Remix.run Logo
srameshc 5 days ago

I love SQLite and this is in no way I'm making a point devaluing SQLite, Author's method is excellent approach to get analytical speed out of SQLite. But I am loving DuckDB for similar analytical workloads as it is built for such tasks. DuckDB also reads from single file, like SQLite and DuckDB process large data sets at extreme speeds.
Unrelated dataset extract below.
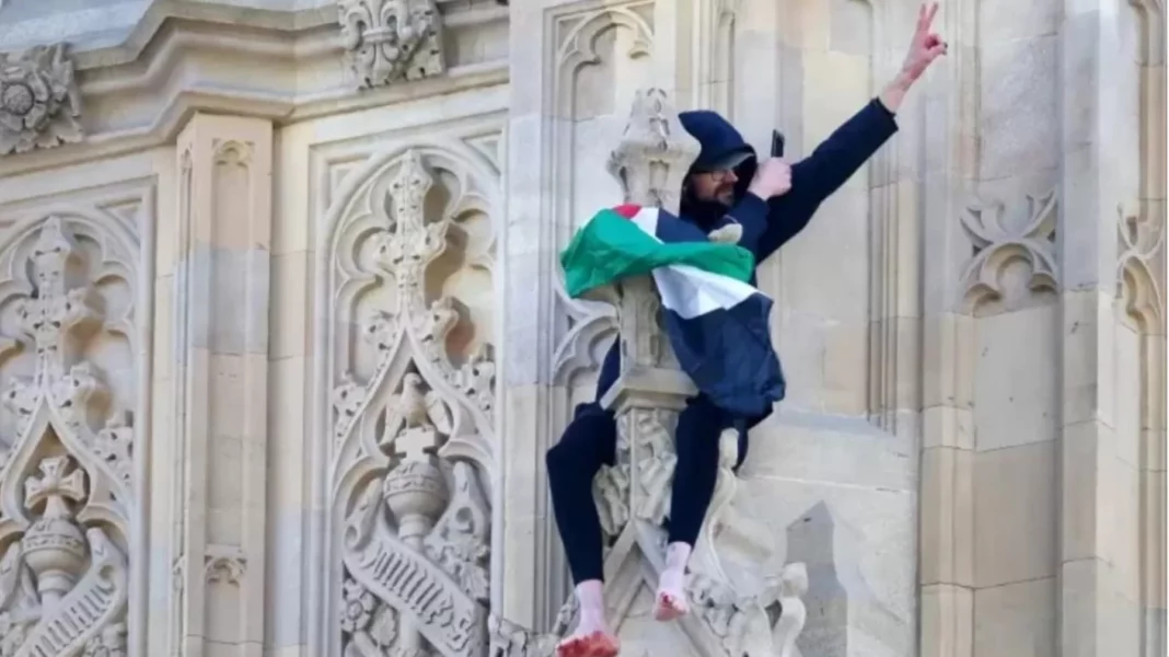 Ο άνδρας ανέβηκε στον Πύργο της Ελισάβετ στο Παλάτι του Γουεστμίνστερ κρατώντας μια παλαιστινιακή σημαία το πρωί του Σαββάτου.

I work on my macbook m2 and I have been dealing with about 20 million records and it works fast, very fast.

Loading data into DuckDB is super easy, I was surprised :

SELECT avg(sale_price), count(DISTINCT customer_id) FROM '/my-data-lake/sales/2024/*.json';

and you can also load into a JSON type column and can use postgres type syntax col->>'$.key'

loa_observer 5 days ago | parent | next [-]

duckdb is super fast for analytic tasks, especially when u use it with visual eda tool like pygwalker. it allows u handles millions of data visuals and eda in seconds.
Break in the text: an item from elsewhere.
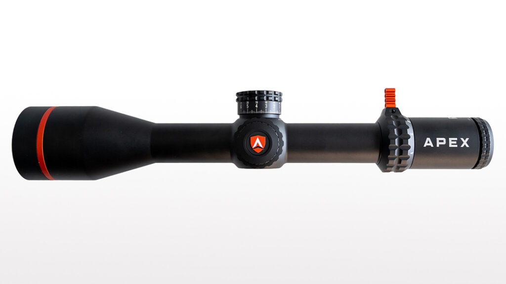 With a 34mm tube milled from a solid block of 6061-T6 aircraft grade aluminum, the Apex Optics Rival X 4-32×56 FFP scope is not easily dismissed. Stainless steel internal components for positive clicks, 10 and 15 MIL per turn elevation turret options, zeros stop, 2-turn indicator, 15 yard to infinity parallax adjustment, 32-mil elevation adjustment, 20-mil horizontal adjustment, six levels of illumination, first focal plane, and Japanese glass.

but i would say, comparing duckdb and sqlite is a little bit unfair, i would still use sqlite to build system in most of cases, but duckdb only for analytic. you can hardly make a smooth deployment if you apps contains duckdb on a lot of platform

trueno 5 days ago | parent [-]

depending on the size and needs of distributed system or application im kind of really excited about postgres + pg_lake. postgres has blown my mind at how well it does concurrent writes at least for the types of things i build/support for my org, the pg_lake extension then adds the ability to.. honestly work like a datalake style analytics engine. it intuitively switches whether or not the transaction goes down the normal query path or it uses duckdb which brings giga-aggregation type queries to massive datasets.

someone should smush sqlite+duckdb together and do that kind of switching depending on query type

mikepurvis 5 days ago | parent | prev | next [-]

Whoa. Is that first query building an index of random filesystem json files on the fly?

NortySpock 5 days ago | parent [-]

It's not an index, it's just (probably parallel) file reads

That being said, it would be trivial to tweak the above script into two steps, one reading data into a DuckDB database table, and the second one reading from that table.

lame_lexem 5 days ago | parent | prev [-]

can we all agree to never store datasets uncompressed. duckdb supports reading many compression formats

hawk_ 5 days ago | parent [-]

How much impact do the various compression formats have on query performance?